Justin's House is a children's television comedy show produced by the BBC for CBeebies. It stars host Justin Fletcher, his green Little Monster, and his humanoid general-purpose housekeeping robot Robert.

Format

Series 1-4
Justin's House was recorded as a stage series in front of an audience of children, and was filmed at Dock 10 studios in Manchester.
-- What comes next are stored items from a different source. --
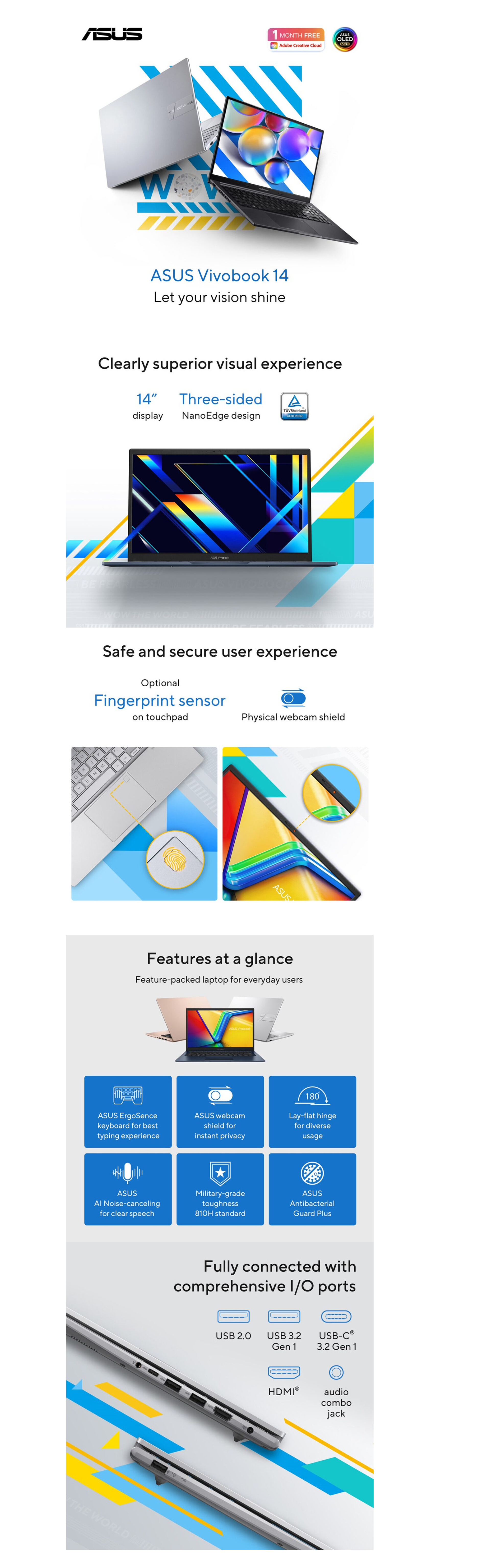 • What's in the Box 1u x Asus Vivobook 14 A1404V-APB012WMS Laptop 1u x Asus Backpack
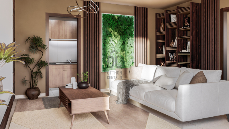 A laká eredetileg 51m²-es lakótérrel és egy 17 m²-es iroda besorolású térrel lett összenyitva, így ideális választás lehet olyan vásárlóknak, akik egy gyerekkel költöznének vagy háziállat miatt fontos a kertkapcsolat. Fontos megemlíteni, hogy az ingatlan az Otthon Start program keretében is megvásárolható, mivel a lakás részére az már ingatlanként elérhető, így kedvező finanszírozási lehetőségeket nyithat meg a vásárlók számára.
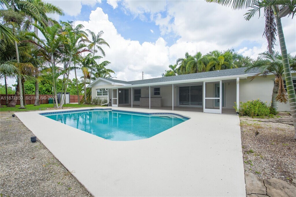 Spacious 4/2 rental in Gerardmere Acres! Features a cozy living room w/laminate floors, decorative fireplace, and recessed lighting. Large family room opens to pool & patio. Kitchen offers stone countertops, eat-at counter, pantry, SS appliances, & double sink. Tile dining room, 1-car garage w/W&D, storage, and A/C handler. Master suite with walk-in closet, private bath, and sliding doors to patio. Three additional bedrooms with laminate floors, fans/lights, and closets. Guest bath w/double sinks, shower, patio access. Screened patio, summer kitchen, pool w/cool decking, fully fenced yard, carport, fruit trees, alarm-ready, electric gate, no HOA, and new roof! MLS # A11877150
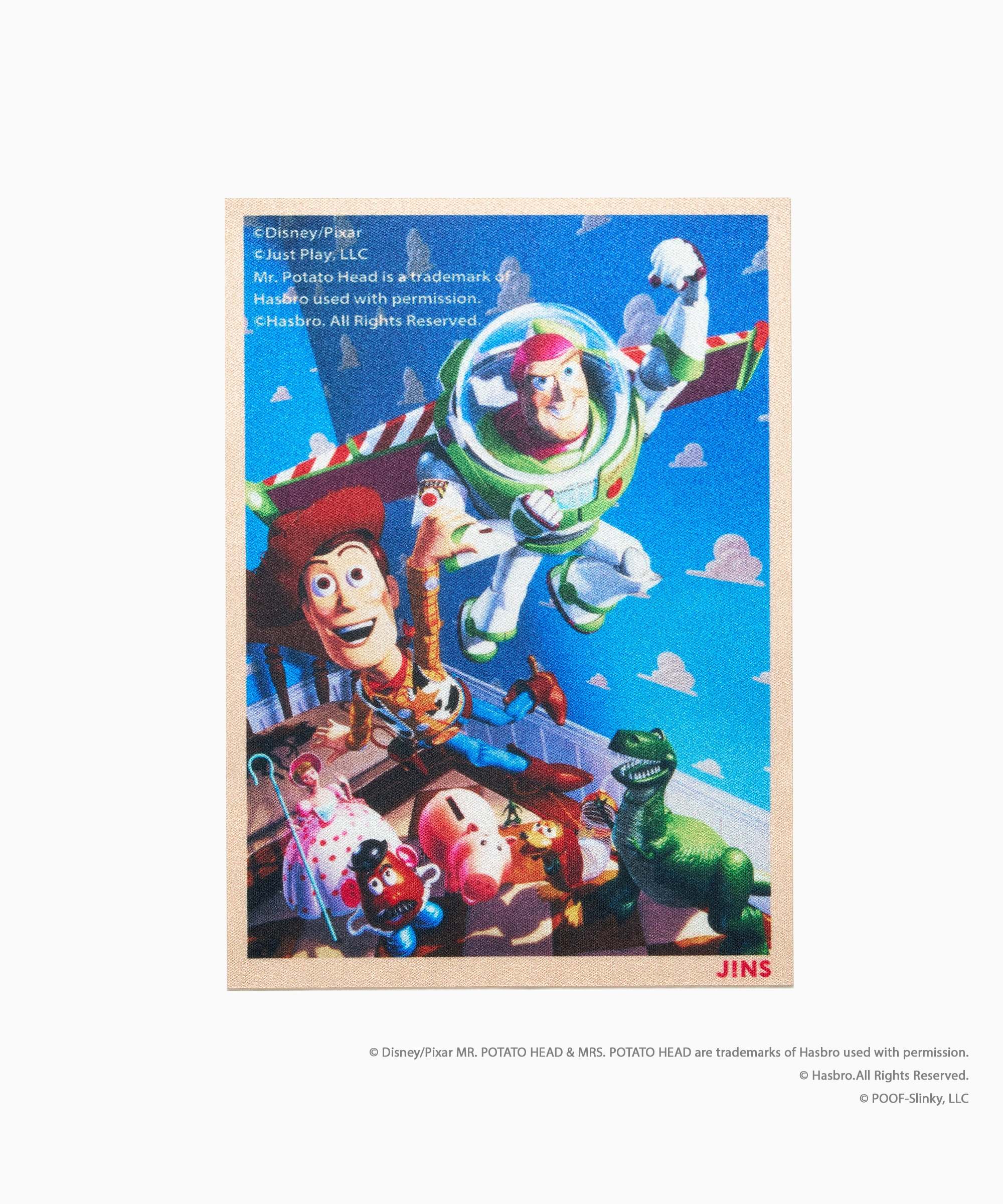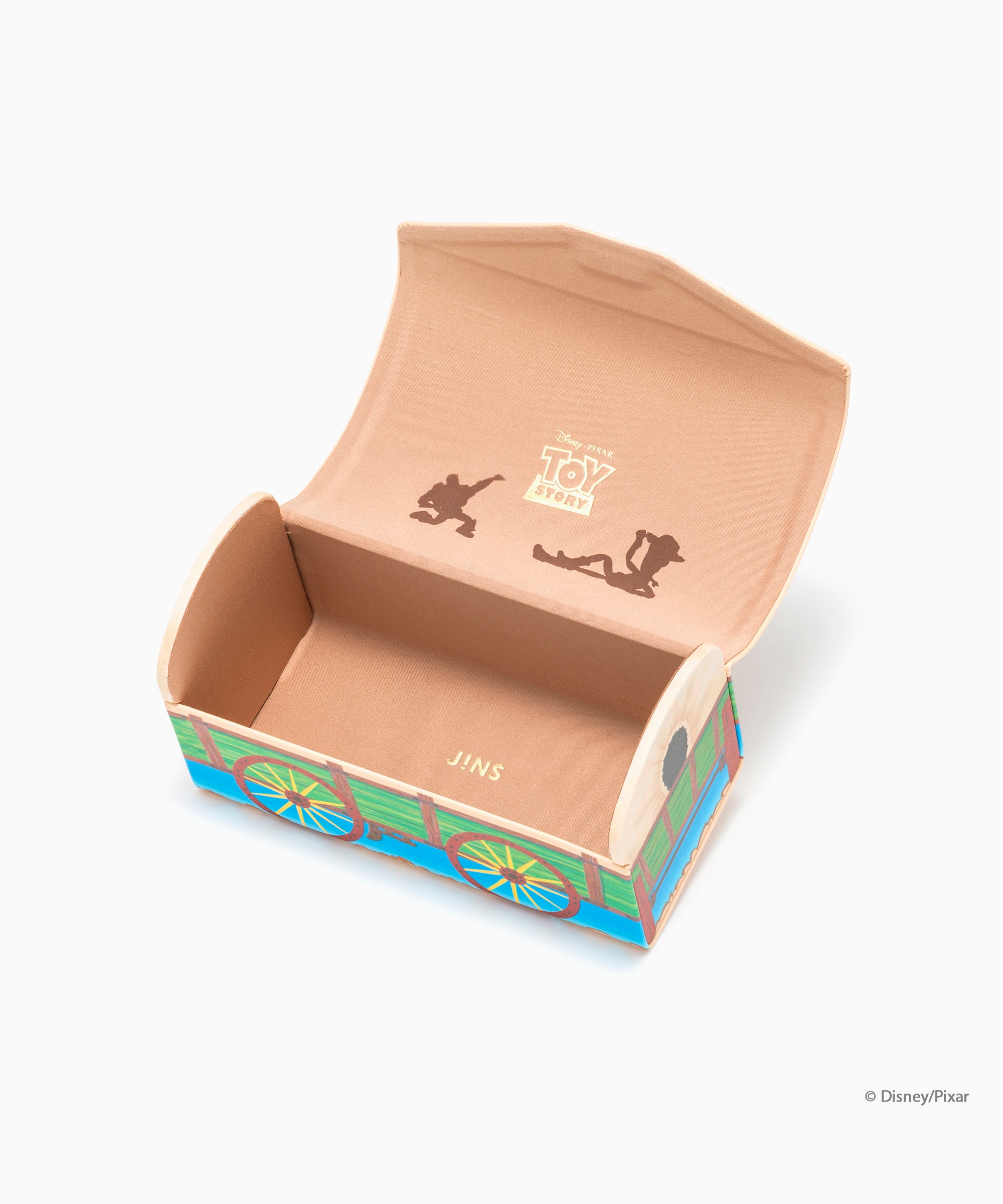 アンディのおもちゃ箱をイメージしたメガネケースや、ポスターアートのメガネ拭きが付属します。

The show usually starts with Robert singing the "Dusting for Justin" song, before welcoming the audience to Justin's House. This is usually followed by Robert introducing the main theme of the episode, with the help of Little Monster. Justin then makes his entrance, usually through one of the doors in the house, then singing the "Wiggle your Bottoms" song. Justin's entrance usually ends up creating some mess, for instance in Series 3 Episode 17 he opens the door into Robert, which causes Robert to throw custard pies everywhere. Justin and Robert then sing the Justin's House song. The show always ends with Justin, Robert, and any special guests featured in that episode singing a song.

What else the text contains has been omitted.